The patches are available through the following commits:
Additional tracking information is available at the Debian CVE-2025-64438 Tracker.
Workarounds
- Restrict network access to DDS domain participants using firewall rules or network ACLs
- Implement process-level memory limits using ulimit -v or cgroups to contain memory exhaustion impact
- Deploy DDS over secure transport with authentication to reduce unauthenticated attack surface
- Consider using BEST_EFFORT QoS instead of RELIABLE where application requirements permit (vulnerability affects RELIABLE QoS)

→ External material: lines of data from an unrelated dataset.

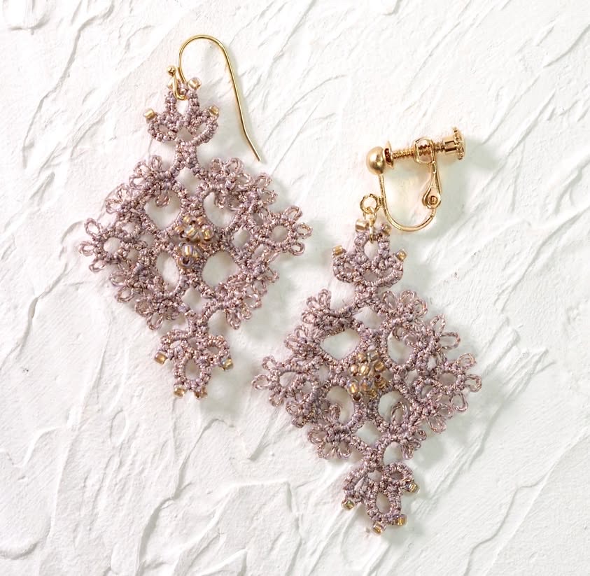 【送料無料】Ka-ryun 佐藤先生オリジナルキット 縁取りモチーフのピアスサイズ:高さ約3cm、横約2.5cm(タティング部分のみ)タティング初級者さんでも楽しめるビーズタティングのモチーフピアスで…
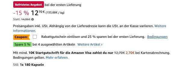 Per Prime-Versand, 25% Coupon und Spar-Abo zahlt ihr nur 9,52€
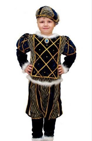 Отличную пару девчонке в костюме «Принцесса» может составить молодой человек в костюме «Принц». Оба наряда являются произведениями модельерного искусства по части деталей. А детали, - они ведь так важны в этом нелегком королевском труде. Костюм состоит из берета, камзола, штанов.
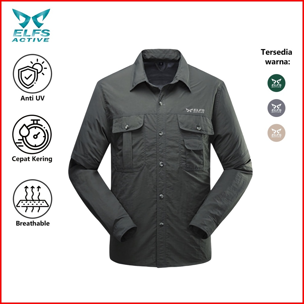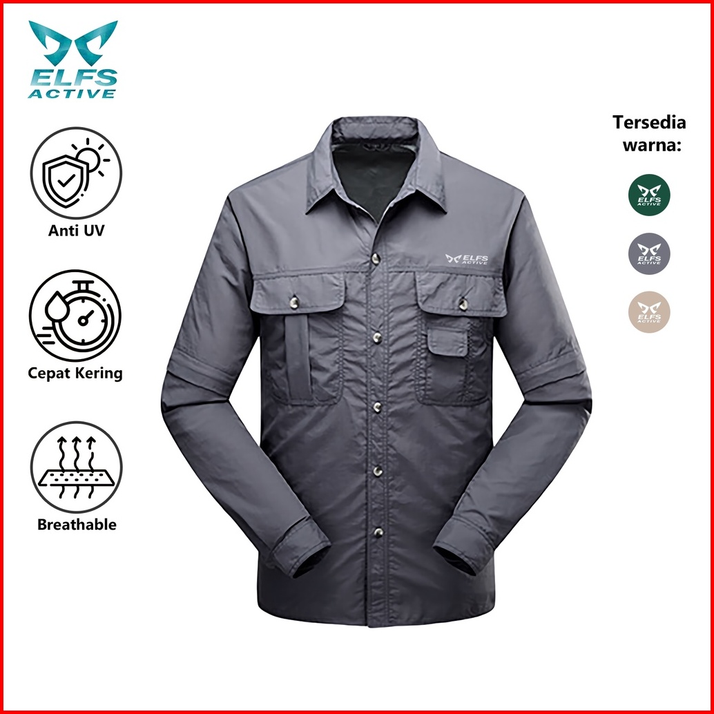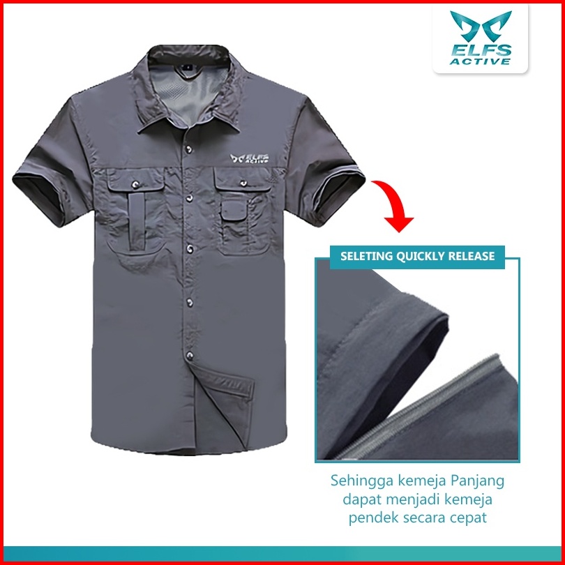 Elfs Active Mens Trekking Convertible Zip Off Hiking Shirt Ultralight Waterproof

# Configuration example - Set memory limits for Fast DDS processes
# Using ulimit to restrict virtual memory (in KB)
ulimit -v 4194304 # Limit to 4GB virtual memory
# Using cgroups for container-based deployments
# Create a cgroup with memory limit
cgcreate -g memory:/fastdds_limited
echo "4294967296" > /sys/fs/cgroup/memory/fastdds_limited/memory.limit_in_bytes
# Run Fast DDS application within the cgroup
cgexec -g memory:fastdds_limited ./your_dds_application
Disclaimer: This content was generated using AI. While we strive for accuracy, please verify critical information with official sources.